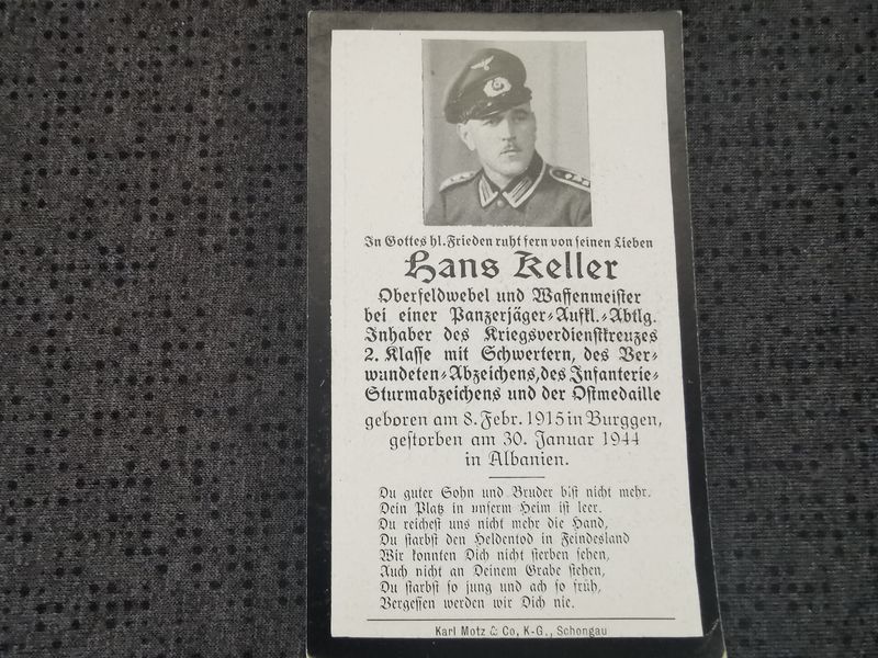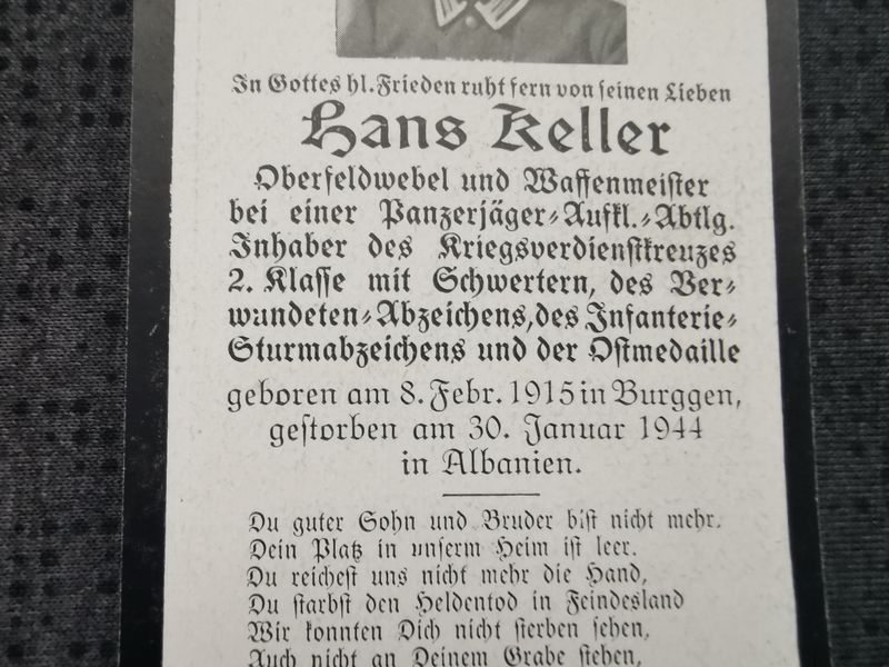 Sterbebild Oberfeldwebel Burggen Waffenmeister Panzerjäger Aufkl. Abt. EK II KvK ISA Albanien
....................
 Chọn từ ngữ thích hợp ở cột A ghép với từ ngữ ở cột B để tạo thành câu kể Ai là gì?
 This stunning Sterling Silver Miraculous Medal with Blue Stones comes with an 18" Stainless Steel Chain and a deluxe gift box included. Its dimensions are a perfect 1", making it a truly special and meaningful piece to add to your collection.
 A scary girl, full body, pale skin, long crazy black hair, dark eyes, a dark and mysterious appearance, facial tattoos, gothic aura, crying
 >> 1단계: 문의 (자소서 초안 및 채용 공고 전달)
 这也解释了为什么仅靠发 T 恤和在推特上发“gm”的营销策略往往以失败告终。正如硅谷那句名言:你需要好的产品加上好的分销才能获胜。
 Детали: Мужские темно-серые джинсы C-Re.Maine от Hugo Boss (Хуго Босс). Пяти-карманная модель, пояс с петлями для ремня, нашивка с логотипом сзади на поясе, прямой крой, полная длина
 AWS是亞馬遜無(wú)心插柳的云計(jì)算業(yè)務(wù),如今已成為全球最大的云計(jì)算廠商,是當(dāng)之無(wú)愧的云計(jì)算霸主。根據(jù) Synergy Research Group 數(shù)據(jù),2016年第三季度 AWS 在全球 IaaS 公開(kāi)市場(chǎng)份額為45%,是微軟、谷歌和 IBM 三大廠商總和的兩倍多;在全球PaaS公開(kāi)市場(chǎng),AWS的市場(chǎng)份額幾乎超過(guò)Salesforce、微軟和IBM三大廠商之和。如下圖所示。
....................
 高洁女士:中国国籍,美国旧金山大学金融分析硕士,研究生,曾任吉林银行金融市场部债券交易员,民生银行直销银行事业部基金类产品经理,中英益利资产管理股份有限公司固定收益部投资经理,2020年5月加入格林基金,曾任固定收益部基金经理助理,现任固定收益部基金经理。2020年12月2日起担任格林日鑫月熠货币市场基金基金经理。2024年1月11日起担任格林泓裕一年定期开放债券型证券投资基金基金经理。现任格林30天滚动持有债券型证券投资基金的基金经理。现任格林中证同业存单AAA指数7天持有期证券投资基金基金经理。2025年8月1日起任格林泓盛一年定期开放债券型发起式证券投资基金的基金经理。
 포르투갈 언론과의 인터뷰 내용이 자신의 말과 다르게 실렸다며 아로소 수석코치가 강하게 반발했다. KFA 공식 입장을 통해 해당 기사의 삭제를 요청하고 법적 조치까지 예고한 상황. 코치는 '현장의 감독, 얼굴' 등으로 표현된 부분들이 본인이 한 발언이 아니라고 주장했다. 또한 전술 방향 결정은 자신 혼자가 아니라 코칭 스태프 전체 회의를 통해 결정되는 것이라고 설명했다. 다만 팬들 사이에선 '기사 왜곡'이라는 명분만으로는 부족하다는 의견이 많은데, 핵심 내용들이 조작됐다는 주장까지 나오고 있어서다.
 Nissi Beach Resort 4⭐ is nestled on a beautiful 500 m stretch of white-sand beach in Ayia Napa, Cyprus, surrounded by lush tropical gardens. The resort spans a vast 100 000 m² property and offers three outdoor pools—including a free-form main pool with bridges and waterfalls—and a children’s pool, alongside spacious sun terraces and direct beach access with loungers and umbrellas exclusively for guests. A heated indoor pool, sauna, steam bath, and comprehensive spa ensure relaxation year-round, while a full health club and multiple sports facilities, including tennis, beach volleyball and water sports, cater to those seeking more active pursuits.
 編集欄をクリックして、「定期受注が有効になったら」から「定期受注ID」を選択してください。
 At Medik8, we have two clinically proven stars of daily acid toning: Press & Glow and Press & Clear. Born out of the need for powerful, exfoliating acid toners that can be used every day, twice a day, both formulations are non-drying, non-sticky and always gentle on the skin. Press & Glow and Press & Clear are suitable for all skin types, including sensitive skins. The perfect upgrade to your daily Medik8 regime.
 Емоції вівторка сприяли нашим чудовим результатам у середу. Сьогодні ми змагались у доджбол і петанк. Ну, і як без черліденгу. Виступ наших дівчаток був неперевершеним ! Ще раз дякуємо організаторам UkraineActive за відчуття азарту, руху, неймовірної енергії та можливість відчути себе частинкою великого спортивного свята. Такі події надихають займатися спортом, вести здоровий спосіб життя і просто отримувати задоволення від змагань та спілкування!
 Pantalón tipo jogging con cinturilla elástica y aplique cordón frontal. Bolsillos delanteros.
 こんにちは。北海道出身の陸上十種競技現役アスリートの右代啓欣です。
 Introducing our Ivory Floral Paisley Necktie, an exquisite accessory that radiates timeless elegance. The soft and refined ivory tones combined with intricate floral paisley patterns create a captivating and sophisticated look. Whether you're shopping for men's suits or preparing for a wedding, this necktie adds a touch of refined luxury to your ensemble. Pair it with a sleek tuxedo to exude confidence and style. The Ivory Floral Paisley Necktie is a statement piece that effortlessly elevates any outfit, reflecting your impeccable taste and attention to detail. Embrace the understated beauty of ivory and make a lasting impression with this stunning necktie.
....................
§ **Exercise objective**
Among the records above, only the lines between the line holding "At Medik8, we" and the line holding "こんにちは。北海道出身の陸上十種競技現役アスリートの右代啓欣です。", inclusive, are to be output, exactly as written.

§ **Solution for this exercise**
 At Medik8, we have two clinically proven stars of daily acid toning: Press & Glow and Press & Clear. Born out of the need for powerful, exfoliating acid toners that can be used every day, twice a day, both formulations are non-drying, non-sticky and always gentle on the skin. Press & Glow and Press & Clear are suitable for all skin types, including sensitive skins. The perfect upgrade to your daily Medik8 regime.
 Емоції вівторка сприяли нашим чудовим результатам у середу. Сьогодні ми змагались у доджбол і петанк. Ну, і як без черліденгу. Виступ наших дівчаток був неперевершеним ! Ще раз дякуємо організаторам UkraineActive за відчуття азарту, руху, неймовірної енергії та можливість відчути себе частинкою великого спортивного свята. Такі події надихають займатися спортом, вести здоровий спосіб життя і просто отримувати задоволення від змагань та спілкування!
 Pantalón tipo jogging con cinturilla elástica y aplique cordón frontal. Bolsillos delanteros.
 こんにちは。北海道出身の陸上十種競技現役アスリートの右代啓欣です。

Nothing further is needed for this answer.